O partido que tiver em seu quadro um nome de consenso para concorrer à eleição no próximo ano pode ser comparado a um grupo empresarial herdeiro de uma marca conhecida e com poder de venda no mercado, pela fama adquirida e a imagem positiva que o consumidor tem do produto. Os partidos políticos, de maneira geral, vivem uma crise de propostas, e isso se reflete na formação de novas lideranças. Em parte, podemos observar que esse fenômeno ocorre pelo esgotamento de temas como saúde, educação, habitação, entre outros. O que era bandeira dos chamados partidos de esquerda – priorizar as políticas sociais – passou a ser também dos de centro e direita e mote de boa parte dos candidatos que tentam viabilizar seu nome na eleição. Os temas sociais citados acima eram patrimônio, como bem notou Gutiérrez (2010), da esquerda e passaram a ser partilhados com todos.

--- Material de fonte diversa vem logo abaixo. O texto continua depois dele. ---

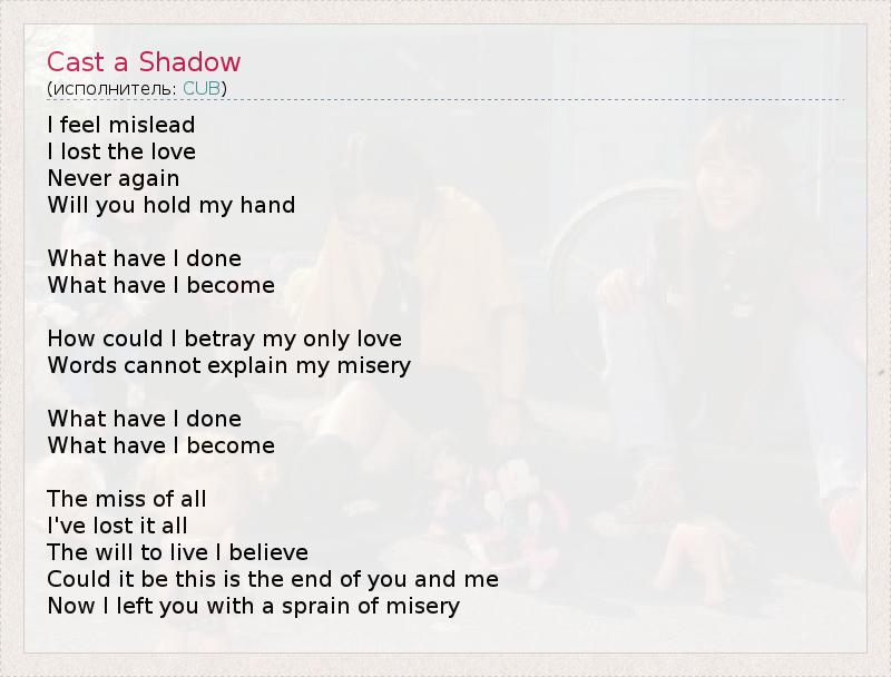 А как ты думаешь, о чем песня "Cast a Shadow" ?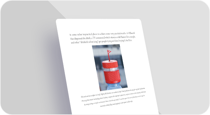in some rather impractical places to achieve some very practical results. A billboard that dispensed the drink, a TV commercial which viewers could Shazam for a sample, and other “drinkable advertising” got people trying and then buying Coke Zero. The tool can be an object in itself. Ogilvy & Mather were asked to help Vittel publicize the case for regular hydration. Proving that smart technology doesn’t always require the internet to power it, we put a twist on the everyday bottle top by integrating a simple mechanical timer into the cap itself. Turn the cap at the start of the day and at regular intervals a little flag would pop up to alert you to take a sip.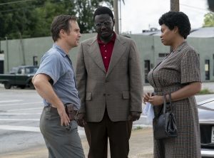 Community activist Ann Atwater (Taraji P. Henson, right) and Ku Klux Klan leader C.P. Ellis (Sam Rockwell, left) are brought together by facilitator Bill Riddick (Babou Ceesay, center) to resolve common issues in the new fact-based historical drama, “The Best of Enemies.” Photo by Annette Brown, courtesy of STXfilms.
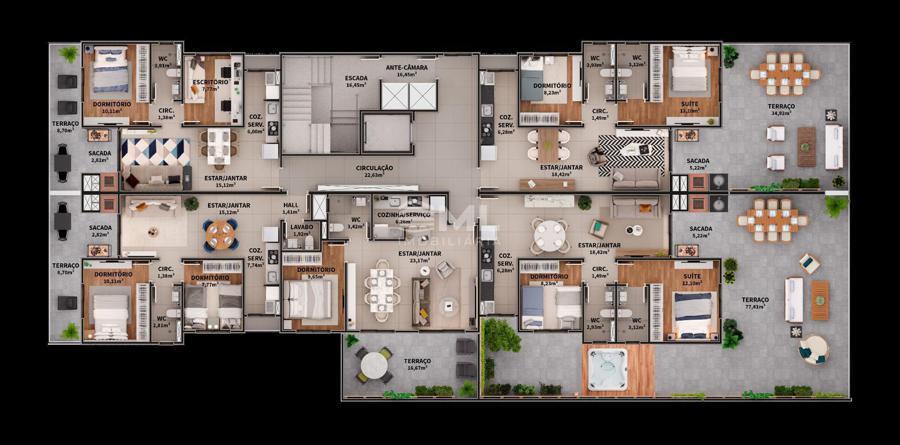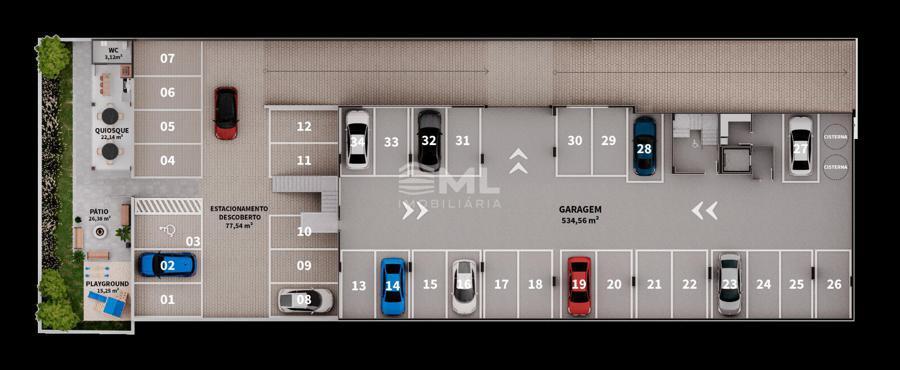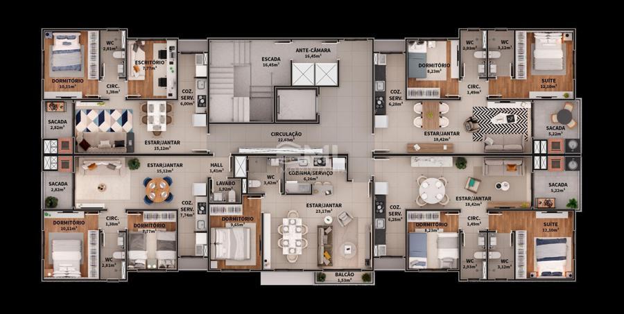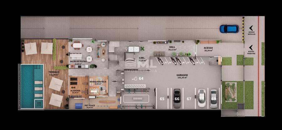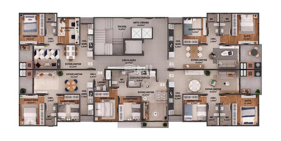 Empreendimento de 13 pavimentos, com 5 apartamentos por andar.

Depois de décadas de discussão, o que era considerado utopia, ilusão, fantasia etc. passou a ter contornos mais reais. É inegável que as lutas empunhadas pela “esquerda” no passado estão sendo “capitalizadas” hoje. Afinal, há 30 anos, falar de reforma agrária, por exemplo, era tão utópico como a proposta de libertar os escravos no século XV. A transformação dessas utopias não deixa de ser uma “valentia política” observada por Gutiérrez, quando afirma que o não atendimento ao rico em função do pobre, em um primeiro momento, implica ser “impopular”, principalmente quando se apresentam novos projetos. Antes, distribuir terra era um ato condenado pelas “elites”; hoje, nem tanto. Talvez o exemplo mais recente seja a distribuição de recursos aos mais pobres, que recebe crítica por produzir “desocupados”. Essa “valentia”, apesar dos riscos, agrega ao proponente um “capital” de marketing muito positivo. Mas isso não acontece do dia para a noite, precisa de tempo para se estabilizar no ambiente.

A padronização dos discursos força o investimento cada vez maior nas estratégias de comunicação e marketing. Afinal, a maioria dos eleitores enxerga que todos falam praticamente a mesma “coisa”, e um dos motivos para isso é que a propaganda ajuda a produzir a artificialidade do novo. Talvez seja em função disso que o eleitor comum não consiga ver a diferença entre partidos, bandeiras, ideologias, crenças etc. “Tudo é marketing, tudo são estratégias”, seja quando Lula aparece sem cabelo no jornal ou quando uma bolinha de papel cai na cabeça de Serra.

São em formatos, apresentação, propostas etc. da maioria dos partidos que podemos perceber a personificação da homogeneização dos discursos. Se antes tínhamos diferentes correntes ideológicas, hoje o eleitor não consegue vislumbrar diferenças de postura. E isso não é positivo, pois todos os partidos são rotulados como se tivessem o mesmo conteúdo programático. Assim, percebe-se que fica na sociedade a sensação de ultrapassado, pesado, ineficiente, sem função de existir. Na realidade as utopias agregam as pessoas e ideais e não devem ficar esquecidas. Creio que o eleitor espera pelos corajosos que possam dizer mais daquilo que pensam, que possam falar daquilo que poucos ainda imaginaram. É desta forma que os líderes são forjados, os demais só “vão na onda”.  

Referências: Gutiérrez-R. A. Filopolítica: filosofía para la política. Publicado en la Revista de la Fundació Rafael Campalans, 2010.